Quote of the Week
“Totally mad. Utter nonsense. But we’ll do it because it’s brilliant nonsense.” ~Douglas Noel Adams
Beauty in the Bonds
Municipals – Not the Ugly Duckling
Few asset classes have been picked on more than municipals since 2008. Expert after expert has predicted massive defaults. They are not the ugly duckling of the investment world. There is beauty in them. Here are my top reasons for encouraging investors to look at them.
1) We have seen few defaults. “States are doing the right things though it took longer than the private sector because of the political process.” ~C. Ryon, Thornburg Investment Management
I believe in supporting those that have cleaned their act up. Same reason we began supporting equity investing – corporate America did it faster and, for the most part, did it well.
2) Municipal bonds come in many forms. At the state level, you lend money for the completion and maintenance of highways, sewer systems, and projects for the public good.

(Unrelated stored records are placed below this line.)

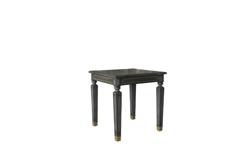 - The Acme Furniture House Marchese End Table features a Tobacco finish, square top, and gold trim and leg accents. Supported by a robust wooden construction, this piece is a perfect addition to any room.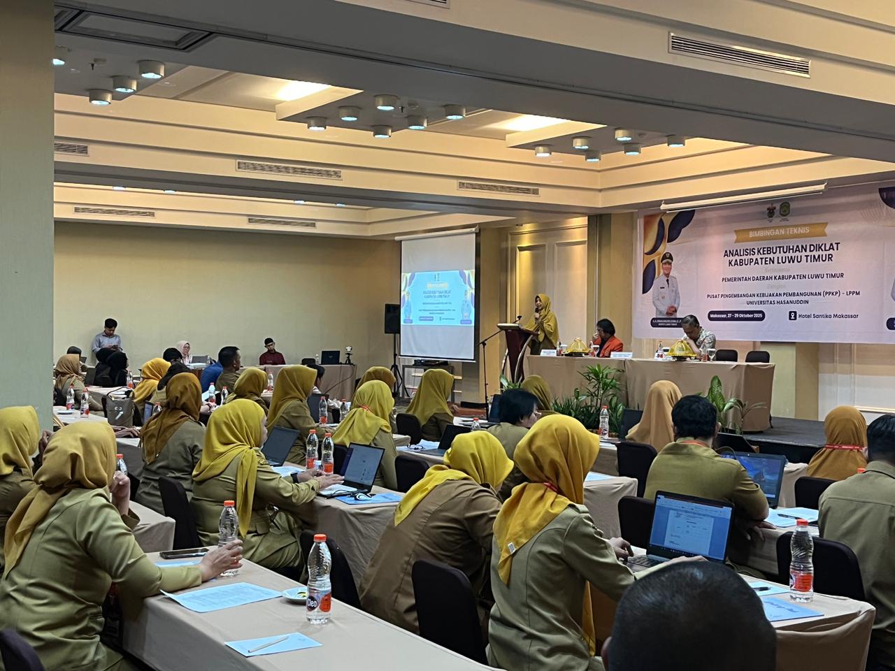 Lutim, warta.luwutimurkab.go.id- Pemerintah Kabupaten Luwu Timur bekerjasama dengan Pusat Pengembangan Kebijakan Pembangunan Lembaga Penelitian (PPKP) dan Pengabdian kepada Masyarakat (LPPM) Universitas Hasanuddin (Unhas) menggelar Bimtek Analisis Kebutuhan Pendidikan dan Pelatihan (Diklat) Tahun 2025 yang berlangsung di Aula Hotel Santika, Makassar, Senin (27/10/2025).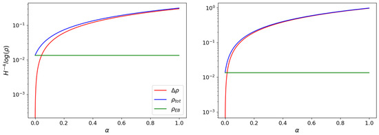 Finally, Figure 12 and Figure 13 present the behavior for a scale-invariant magnetic field. Here, does not contribute to the energy total density.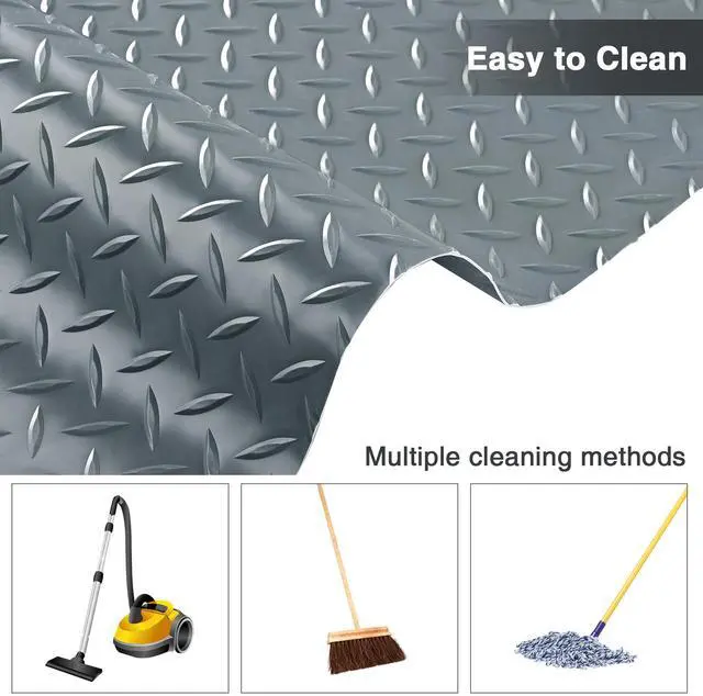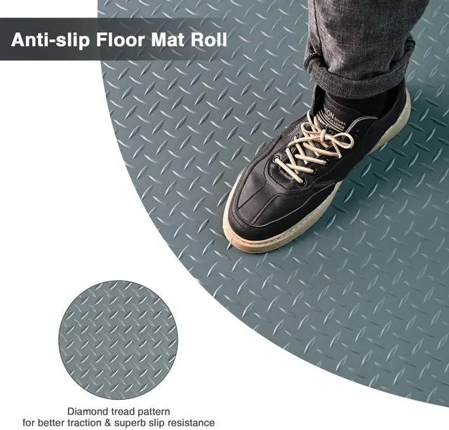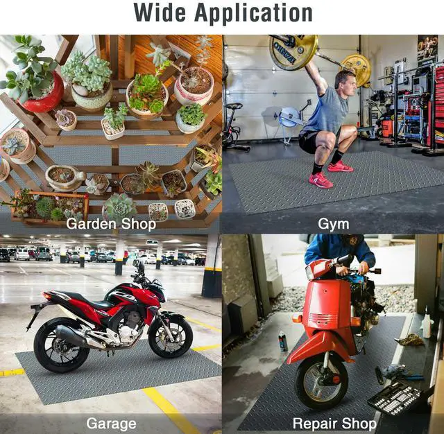 - Wide Application - 6 x 3 ft Garage Floor Mat Roll features a special treated diamond-patterned surface to enhance friction for providing anti-slip functionality for parking motorcycle, perfect for covering stains and cracks on the floor of garages, warehouses, storage rooms, freight elevators, boats, repair shops, gyms, etc., especially those made of concrete or wooden flooring

As stated before, infrastructure investing is, in my opinion, incredibly important for our recovery.
3) Even though our present tax rates are relatively low, investors frequently tell me that they pay too much. Well, you can get some of it back by collecting the tax-free interest from these bonds.
When investors complain about gasoline prices, I often suggest buying oil company stock. If you’re paying taxes, why not see what a municipal interest payment may do for you?
Things to know: Bonds are subject to market and interest rate risk. Municipal bond interest may be subject to alternative minimum tax, are Federally tax-free but may be subject to other state/local taxes.